Même dans les rêves les plus fous, qui aurait pu imaginer lire des histoires d’amours lesbiens entre deux collégiennes ? Même si les langues se délient depuis peu dans le commun des mortels, il existe encore très peu d’auteurs qui scandent l’homosexualité dans leurs ouvrages, encore moins celle portée par des collégiens. Jean D’Amérique brise le tabou de l’homosexualité et donne à voir et à entendre que l’amour triomphe toujours, même dans la guerre la plus déstabilisante. L’on ressort naturellement de ces écrits que Tête Brulée vit dans une guerre. La guerre des corps, la guerre d’un Haïti qui essaye de se refaire mais dont les quartiers sévissent encore dans la violence, la guerre d’un père contre sa femme.

L’audace de l’auteur réside sans relâche, dans la description du premier acte sexuel des deux collégiennes et ce, courageusement, dans une église :

 le voyage se révèle long, j’en reviens dans un essoufflement libéré au bon moment. Ma lune boit son cri sous sa robe qu’elle a soulevée et ramenée sur le haut de sa poitrine pour dégager chemin. Nous quittons les toilettes pour regagner l’enceinte de l’église. Silence se réjouit d’avoir joui avec moi, mais n’a pas le droit de l’afficher sur son visage. Pour convenir au devoir de tristesse imposé par la circonstance, elle se met alors à pleurer », page 52.

Jean D’Amérique pointe du doigt et provoque incontestablement. Mais l’amour est-il vraiment provocation quand le monde vit à la lisière de la déchéance et du chaos ? Jean D’Amérique semble envoyer une insolence à la vie et ses tabous. Point de répit. Au-delà du fait d’avoir choisi de mettre au cœur du chaos une histoire d’amour lesbien, prime aussi l’espoir d’une enfant qui désire fortement pouvoir sortir de la Cité de Dieu pour gouter à d’autres imaginaires. Tête Brulée se prête au jeu, en rêvant de New York, en s’imaginant vivre libre. Liberté, un mot bien complexe dans la Cité de Dieu, là où la mort guette tous les toits. « Est-ce que je survivrai jusqu’à l’aube, pour voir le soleil ? » page 9. Tout comme cette citation de Tupac Shakur qui ouvre la lecture du livre, Tête Fêlée se questionne continuellement si elle survivra jusqu’à l’aube pour voir le Soleil. Le vrai. Celui qu’elle ne se forcerait plus à coudre sur ses lèvres pour sourire.

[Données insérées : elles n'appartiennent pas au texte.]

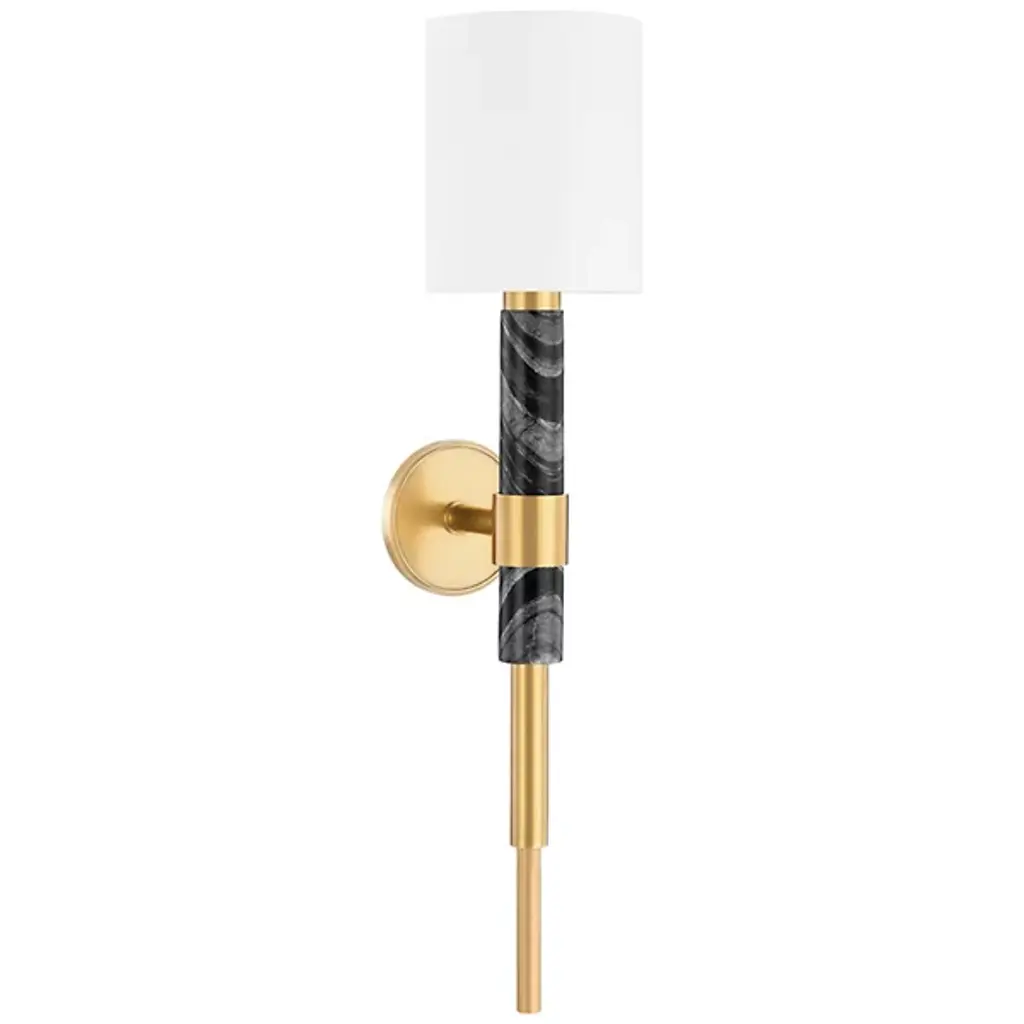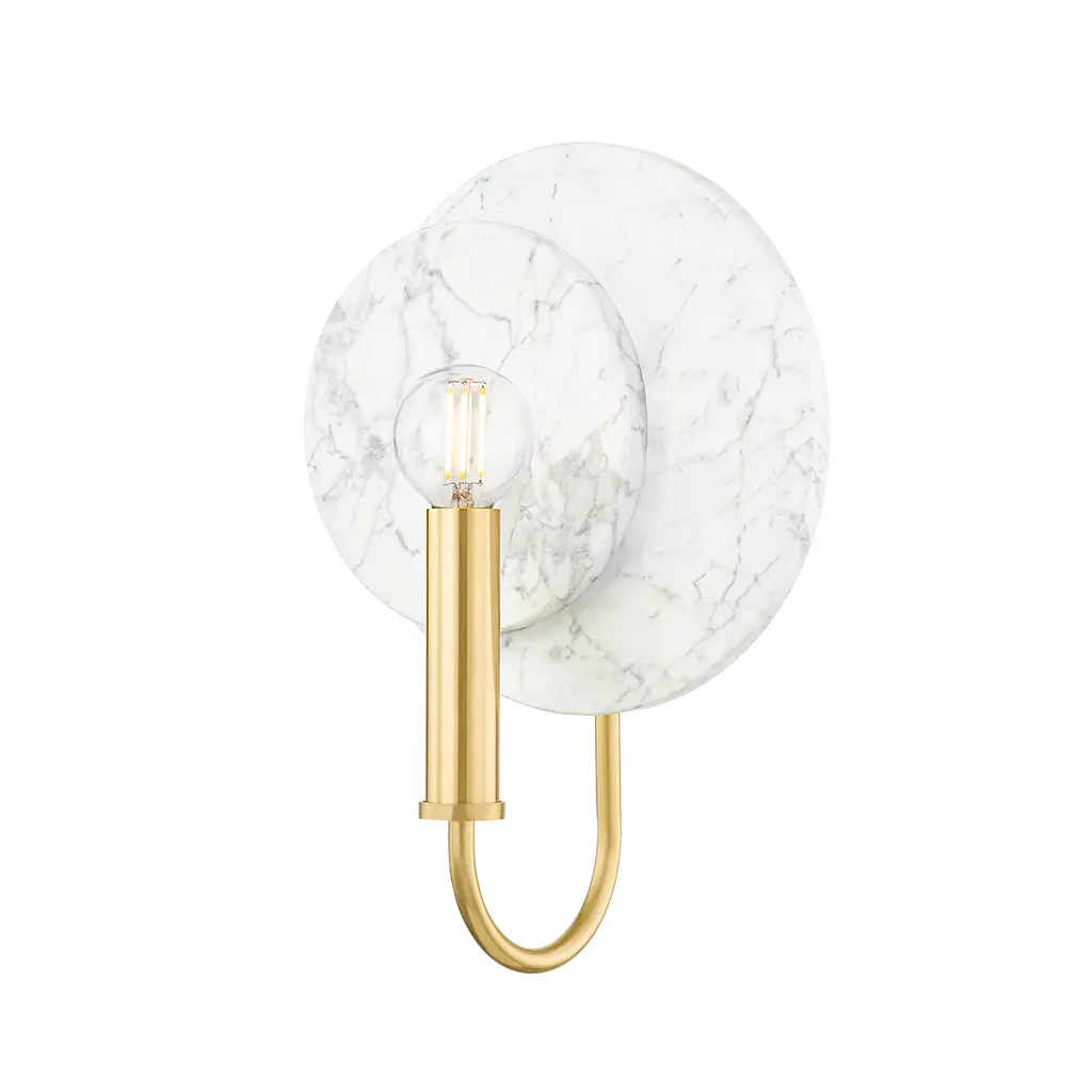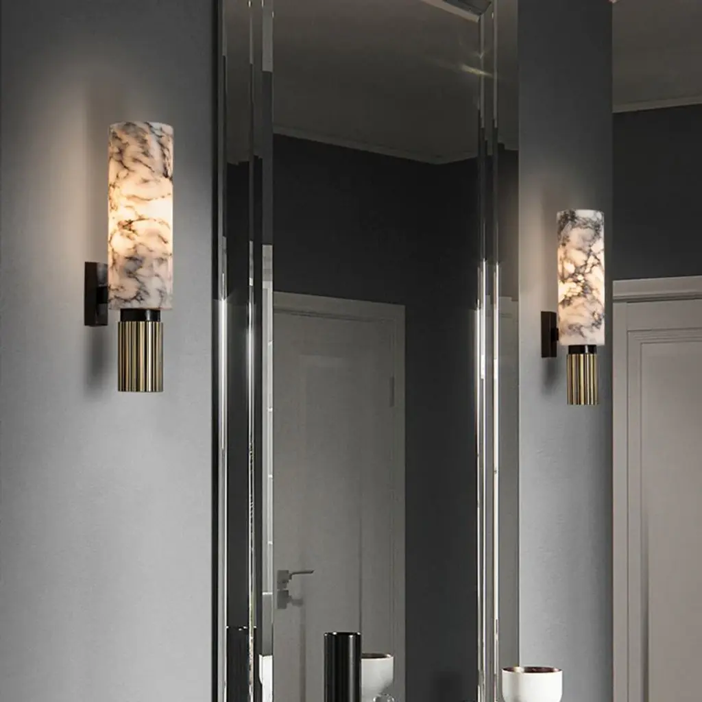 These beautiful wall sconces are handmade from natural marble. The warm, earthy tones of the marble will complement any room. Hung alone or in pairs, these sconces are the perfect way to add some natural beauty to your home. Marble sconces are all-natural marble imported from Spain. The natural patterns of sedimentary rock include, but are not limited to, snow patterns, ink patterns, flame patterns, ice cracks, etc. The texture of each sconce is unique. Material: Natural Marble, IronLight Source: LED Chips (Installed)Power: 3WSconce Size: H13.5" x W5"Dimmable: NoColor Temperature: Warm (3500K)Voltage: 110-240VWarranty: 2 YearsApplication: Living Room, Dining Room, Bedroom, Hotel, Bar etc.

La symbolique omniprésente

Dans cette atmosphère de mélancolie et du rêve, se rapprochant du symbolisme, Jean D’Amérique profile inlassablement une panoplie de symboliques de mots, de noms et de souvenirs. Dès les premières lignes de son ouvrage, nous sommes face à un auteur très créatif avec les noms qu’il attribue à ses personnages, par exemple : Tête Fêlée, Fleur d’Orange, Silence, La Divine, Le politicien dont le cul est fabriqué pour toutes les chaises

Au fil du récit, tous ces noms prennent du sens avec le caractère et l’univers de chaque personnage. Tête Fêlée nous marque, sans doute, par sa folie des grandeurs comme une tête fêlée, Fleur d’Orange telle une fleur d’Oranger vient parfois calmer les crises d’angoisses et favoriser l’endormissement de sa fille : « Maman semble en avoir fini avec le linge. Mais je ne sens toujours pas sa chaleur près de moi. Je devrai encore patienter pour savourer ce moment où je me sens en sécurité quand elle se couche à mes côtés. Je l’entends vider » affirme-t-elle à la page 16.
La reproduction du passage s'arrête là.